Benchmarking for LLMs is more difficult, since there are multiple inference engines that you’d want to test. I think for a mixed CPU/GPU inference setup, starting with llamacpp would a good representation of the system’s capabilities. llama-bench is a binary within the default build target of llamacpp. Here’s an example invocation for

  • 10, 15, and 20 GPU layers offloaded
  • 4096, 8192, and 16384 token prompt processing
  • 1024 and 2048 token generation
  • 5 repetitions of each test

Some variables are multiplicative, e.g. prompt processing & token generation is repeated for each number of GPU layers.

./llama-bench \
--model ~/models/unsloth/DeepSeek-V3-0324-GGUF/DeepSeek-V3-0324-Q4_K_M-00001-of-00009.gguf \
--mmap 1 \
--n-gpu-layers 10,15,20 \
--n-prompt 4096,8192,16384 \
--n-gen 1024,2048 \
--repetitions 5

more details

usage: llama-bench [options]

options:
  -h, --help
  --numa <distribute|isolate|numactl>       numa mode (default: disabled)
  -r, --repetitions <n>                     number of times to repeat each test (default: 5)
  --prio <-1|0|1|2|3>                          process/thread priority (default: 0)
  --delay <0...N> (seconds)                 delay between each test (default: 0)
  -o, --output <csv|json|jsonl|md|sql>      output format printed to stdout (default: md)
  -oe, --output-err <csv|json|jsonl|md|sql> output format printed to stderr (default: none)
  -v, --verbose                             verbose output
  --progress                                print test progress indicators
  --no-warmup                               skip warmup runs before benchmarking

test parameters:
  -m, --model <filename>                    (default: models/7B/ggml-model-q4_0.gguf)
  -p, --n-prompt <n>                        (default: 512)
  -n, --n-gen <n>                           (default: 128)
  -pg <pp,tg>                               (default: )
  -d, --n-depth <n>                         (default: 0)
  -b, --batch-size <n>                      (default: 2048)
  -ub, --ubatch-size <n>                    (default: 512)
  -ctk, --cache-type-k <t>                  (default: f16)
  -ctv, --cache-type-v <t>                  (default: f16)
  -dt, --defrag-thold <f>                   (default: -1)
  -t, --threads <n>                         (default: 24)
  -C, --cpu-mask <hex,hex>                  (default: 0x0)
  --cpu-strict <0|1>                        (default: 0)
  --poll <0...100>                          (default: 50)
  -ngl, --n-gpu-layers <n>                  (default: 99)
  -sm, --split-mode <none|layer|row>        (default: layer)
  -mg, --main-gpu <i>                       (default: 0)
  -nkvo, --no-kv-offload <0|1>              (default: 0)
  -fa, --flash-attn <0|1>                   (default: 0)
  -mmp, --mmap <0|1>                        (default: 1)
  -embd, --embeddings <0|1>                 (default: 0)
  -ts, --tensor-split <ts0/ts1/..>          (default: 0)
  -ot --override-tensor <tensor name pattern>=<buffer type>;...
                                            (default: disabled)
  -nopo, --no-op-offload <0|1>              (default: 0)

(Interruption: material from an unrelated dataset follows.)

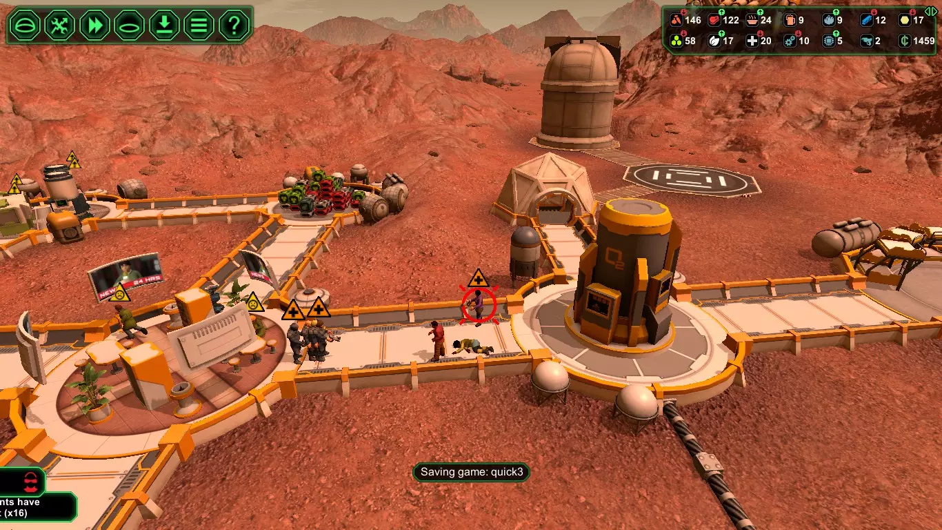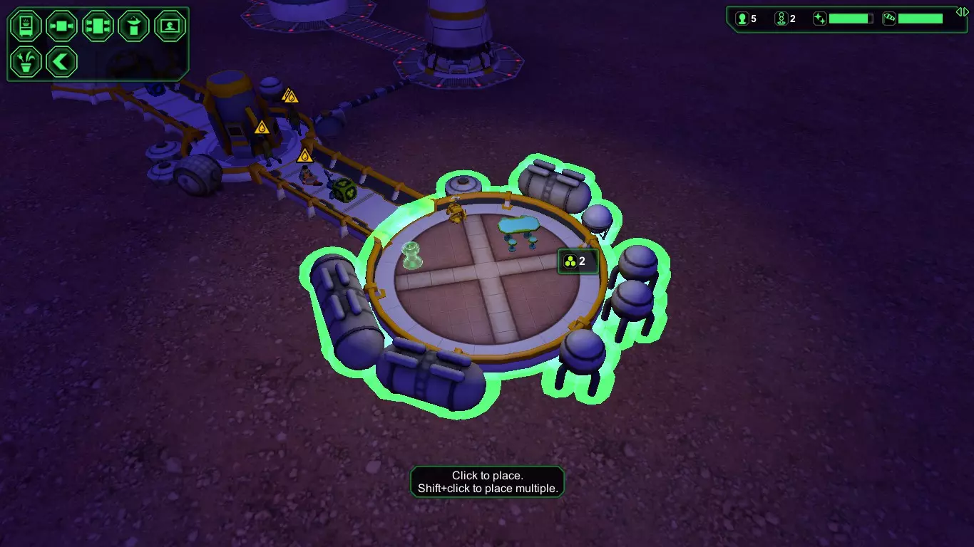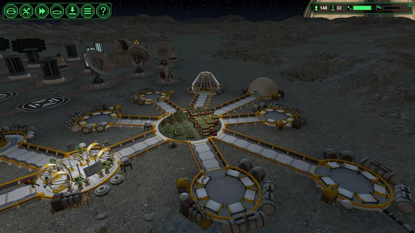 应对“隧道”类型建筑以及实验室/控制中心类型建筑 1. 寻找靠近山坡的开阔区域,然后开始建造氧气生成器 2. 建造大型建筑,例如生物穹顶/存储仓 3. 在大型建筑周围“分散”建造小屋/实验室/控制中心 4 .若要继续扩建,请为第二个氧气发生器预留空间。 供参考:五星殖民地【心情愉悦,财源广进】 除了更大的飞船【星际港口】外,还会带来两样东西——【入侵者】和【访客(又称金主)】。 无需再在贸易劳工上浪费时间和人力,进军服务业吧。 现在你可以经营一家五星太空酒店,配备所有所需设施。 只需确保你有大量多余的食物、啤酒、医疗包、宿舍和多穹顶建筑。 想要更多金主? 试试【行动:三个无线电天线】来拦截那些遇险的金主。“入侵者警报” 为控制入侵者造成的破坏,可尝试按以下顺序建造设施: “着陆平台”→“气闸室”→“储物间”→“氧气发生器” 为防止入侵者接触任何手无寸铁的平民,大多数入侵者会在抵达人口密集区域前被拦截并消灭。

Multiple values can be given for each parameter by separating them with ','
or by specifying the parameter multiple times. Ranges can be given as
'first-last' or 'first-last+step' or 'first-last*mult'.

If you want to make me really happy, I’d appreciate if you could try a smaller or more quantized model and compare 4 channel and 8 channel results. I’d be more than willing to collaborate on developing a testing procedure for LLMs.

Llama.cpp is not a performant inference engine for gpu’s. It is a cpu inference program that has begrudgingly added gpu support.

VLLM wins for sure when using a pure GPU setup, but most homebrew LLM setups are mixed GPU/CPU. I’m particularly interested in how much the 96GB of VRAM speeds up prompt processing.

Where to get the bios tho? If it’s nvidia manufactured

1 Like

I think the official way is to ask your reseller to get it from Nvidia if they did not already do so and then provide it to you. It comes as in binary providing a minimal cli tool that includes the VBIOS.

I do have a card from PNY so I am not sure, but when I flashed mine it appears the tools made a little viability check if it can actually flash the card or not. I can however not say if it would work on a card from Nvidia too because I have no idea if there even are differences between manufacturers.